**EXERCISE**: What you write should match, word for word, the lines from the one containing "[ویکی فقه] معاد" through the end of the data, with no pictures.

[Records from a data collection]
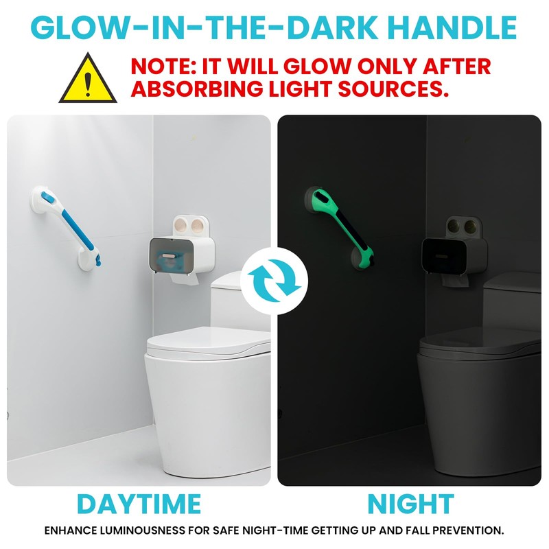 TAILI Shower Grab Bar Glow in The Dark, 16.8 in Grab Bars for Bathtubs, Shower Handles Bath Rails for Seniors and Elderly, Bathroom Safety Grip Removable No Drilling Waterproof Blue
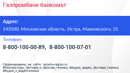 Газпромбанк, банкомат по адресу 143500, Московская область, Истра, Маяковского, 21 в дальнейшем Организация, размещена в следующих категориях:
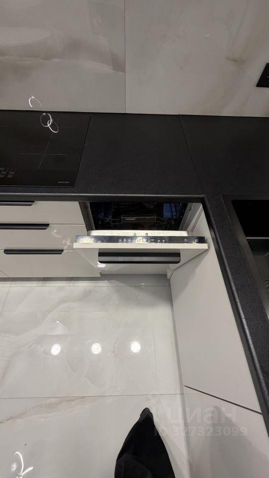 Кухня: Посудомоечная машина, индукционная варочная панель, фильтр питьевой воды, микроволновка, кофемашина и необходимая посуда.
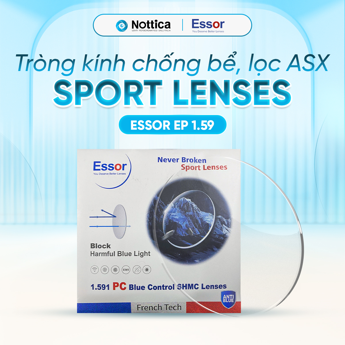 Essor EP Polycarbonate Series – Chống bể, chống ánh sáng xanh, đổi màu khói
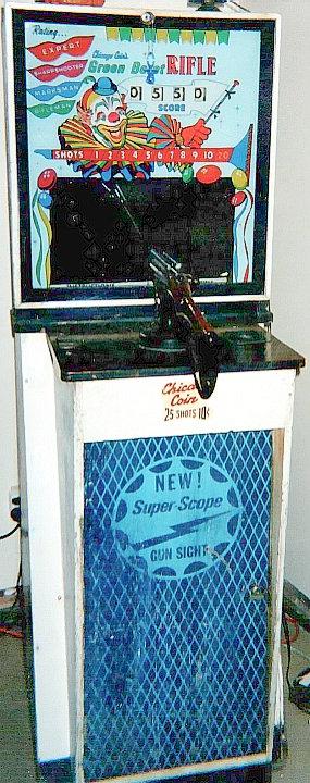 Description: Green Beret, Chicago Coin, 1966 or 1967. Nearly identical to CCM's Super Scope. As Brian Amyotte explains, the arcade game manufacturers sometimes titled their games after popular songs and movies. There was a song called Green Beret by Sgt Barry Sadler that was #1 for 5 weeks in 1966 and the #21 song of the 60's. This is the game as Super Scope except the the words "Green Beret" on the backglass read "Super Scope". Not sure why anyone would title a clown themed game Green Beret. The Super Scope refers to the tube mounted on the rifle as a gun sight. The targets included a swinging target, spinning targets when hit and targets that dropped out of sight when hit. There are additional targets that are silkscreened onto the back of a one way mirror that would be visable once the interior blacklight was turned off and their small lights lit to illuminate them. These targets were a Bear, Swan, Duck and a Rabbit. In the center was a large bullseye with sequencing lights that varied the score value. This is a novelty game and tough to setup accurately since everyone sees the scope slightly different.
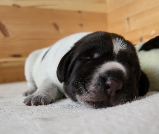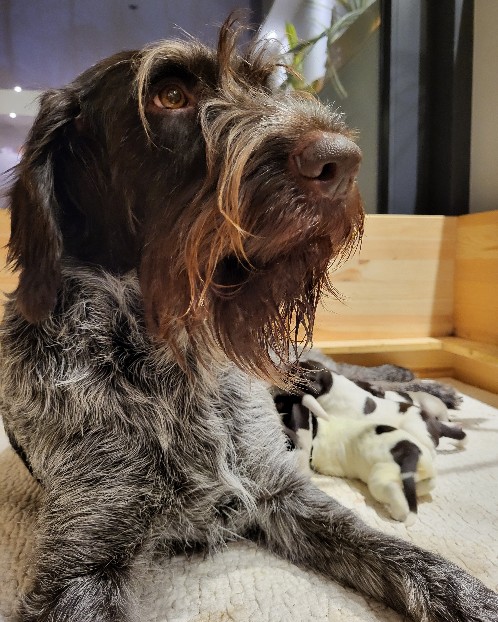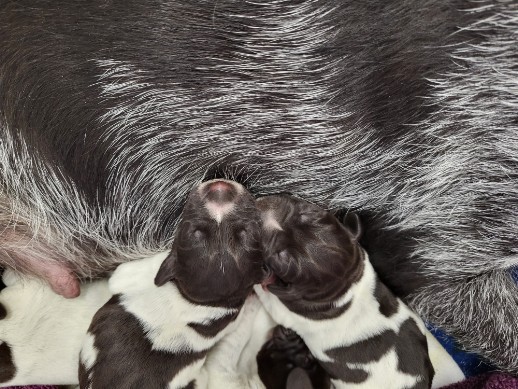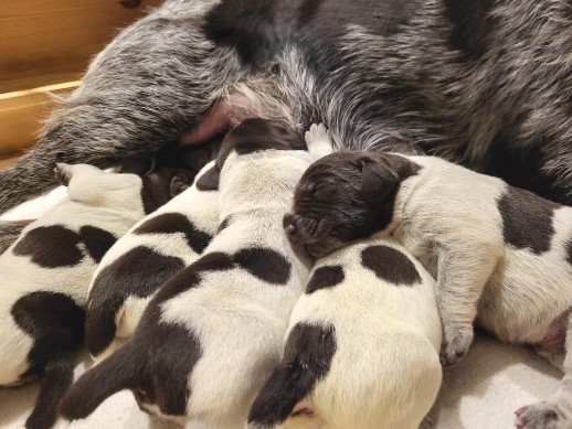 Am 22.Januar 2024 hat Motte den B-Wurf mit sechs kräftigen braunschimmel Welpen zur Welt gebracht (5/1).
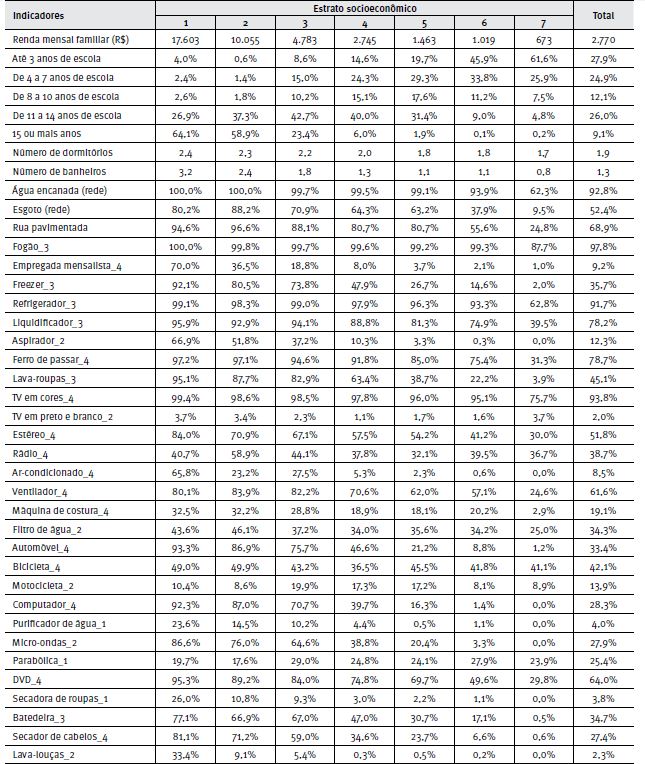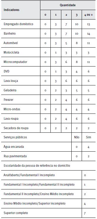 Em 1997, as entidades Associação Brasileira de Anunciantes (ABA), Associação Brasileira de Anunciantes/Associação Brasileira dos Institutos de Mercado (Abipeme) e Associação Nacional de Empresas de Pesquisa de Mercado (ANEP) desenvolveram um estudo que resultou na proposição de um critério denominado Critério de Classificação Econômica Brasil (CCEB) (ABEP, 2011). A elaboração desse critério objetivou disponibilizar um sistema de pontuação proxy da capacidade de consumo de um domicílio localizado em regiões metropolitanas brasileiras, utilizando dados objetivos e de fácil coleta no campo. Em 2008, o Critério Brasil utilizava a metodologia da regressão estatística do logaritmo da renda corrente familiar declarada como função da quantidade possuída de itens de conforto doméstico e instrução do responsável pelo domicílio (ABEP, 2011). Esse critério, aqui denominado ABEP antigo, vigorou até dezembro de 2014, conforme tabela a seguir.
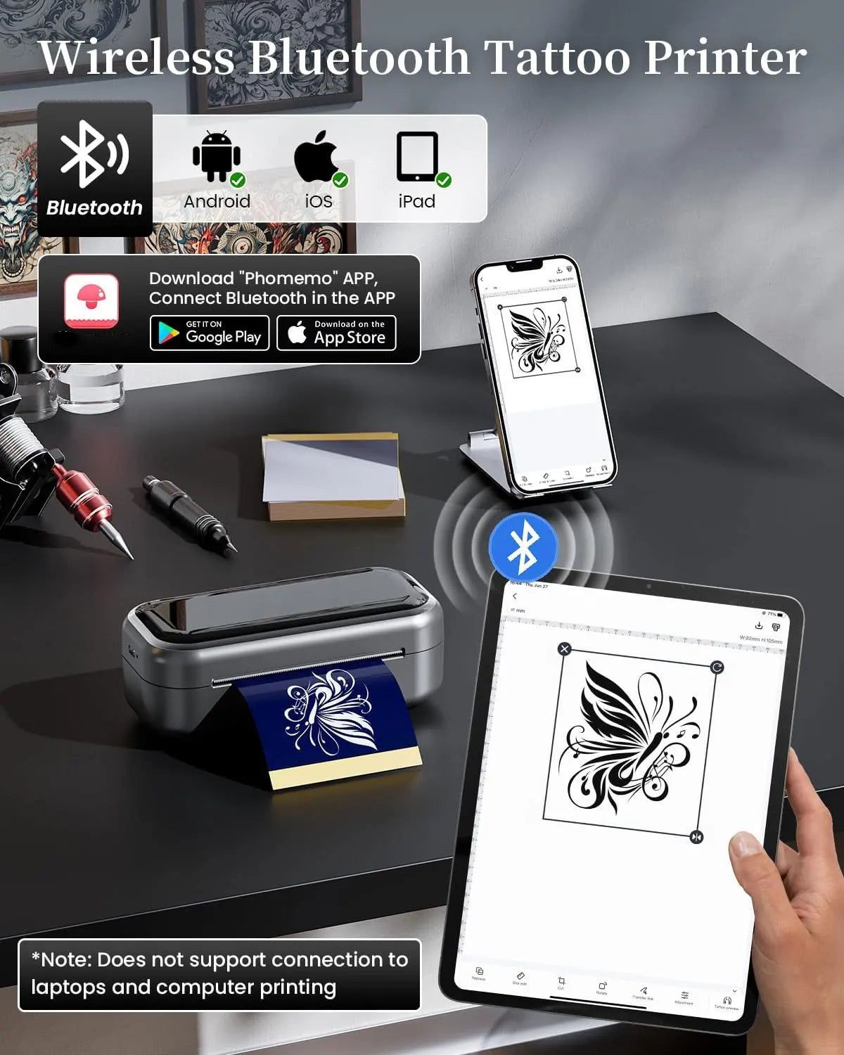 Com design portátil e conexão Bluetooth, ela imprime seus estênceis direto do celular ou tablet, com apenas um clique. E o melhor: você já recebe 30 folhas de papel transfer térmico totalmente GRÁTIS para começar a tatuar agora mesmo!
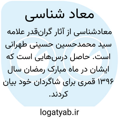[ویکی فقه] معاد شناسی (کتاب). معاد شناسی، یکی از آثار ارزشمند علامه طهرانی بشمار می رود.
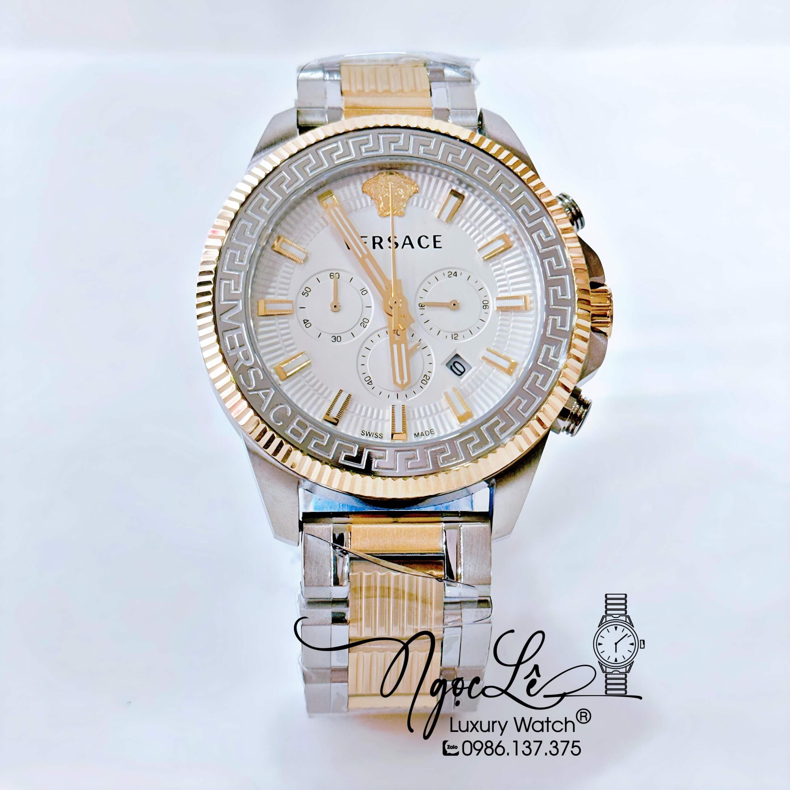 Đồng Hồ Nam Versace Greca Logo Chronograph Dây Thép Mặt Trắng Demi Size 43mm
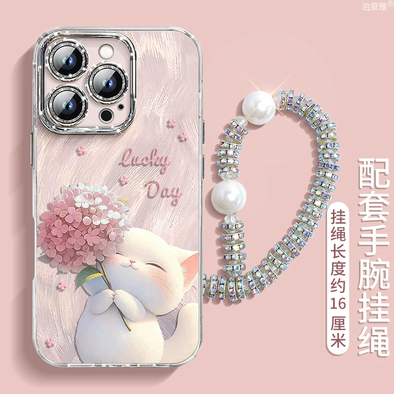 自带镜头膜【闪粉镜羽纱】绣球猫-粉白色⭐挂绳
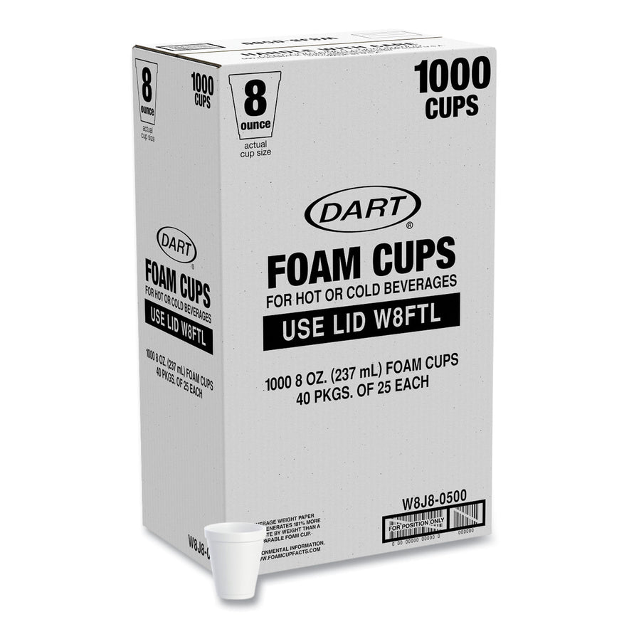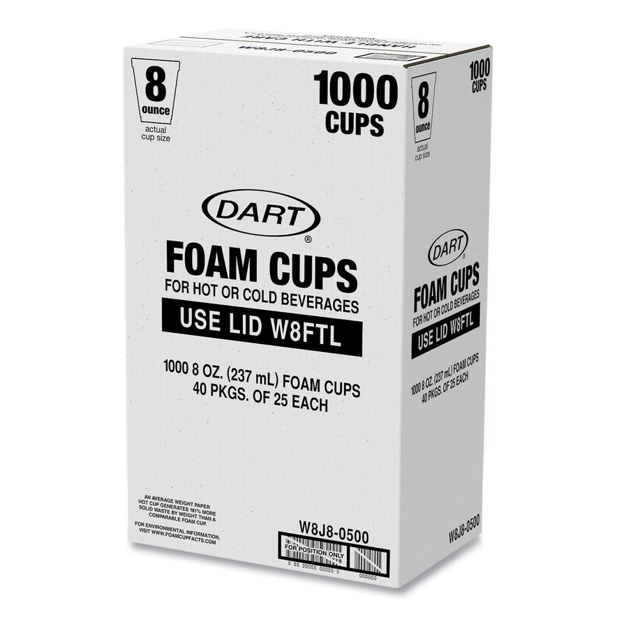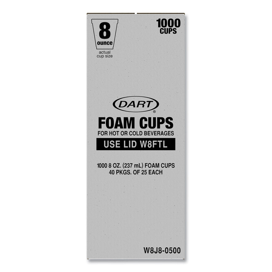 Dart Foam Drink Cups, 8 oz, White, 25/Bag, 40 Bags/Carton (W8J8S)

**WRITTEN RESPONSE**:
[ویکی فقه] معاد شناسی (کتاب). معاد شناسی، یکی از آثار ارزشمند علامه طهرانی بشمار می رود.
 Đồng Hồ Nam Versace Greca Logo Chronograph Dây Thép Mặt Trắng Demi Size 43mm
 自带镜头膜【闪粉镜羽纱】绣球猫-粉白色⭐挂绳
 Dart Foam Drink Cups, 8 oz, White, 25/Bag, 40 Bags/Carton (W8J8S)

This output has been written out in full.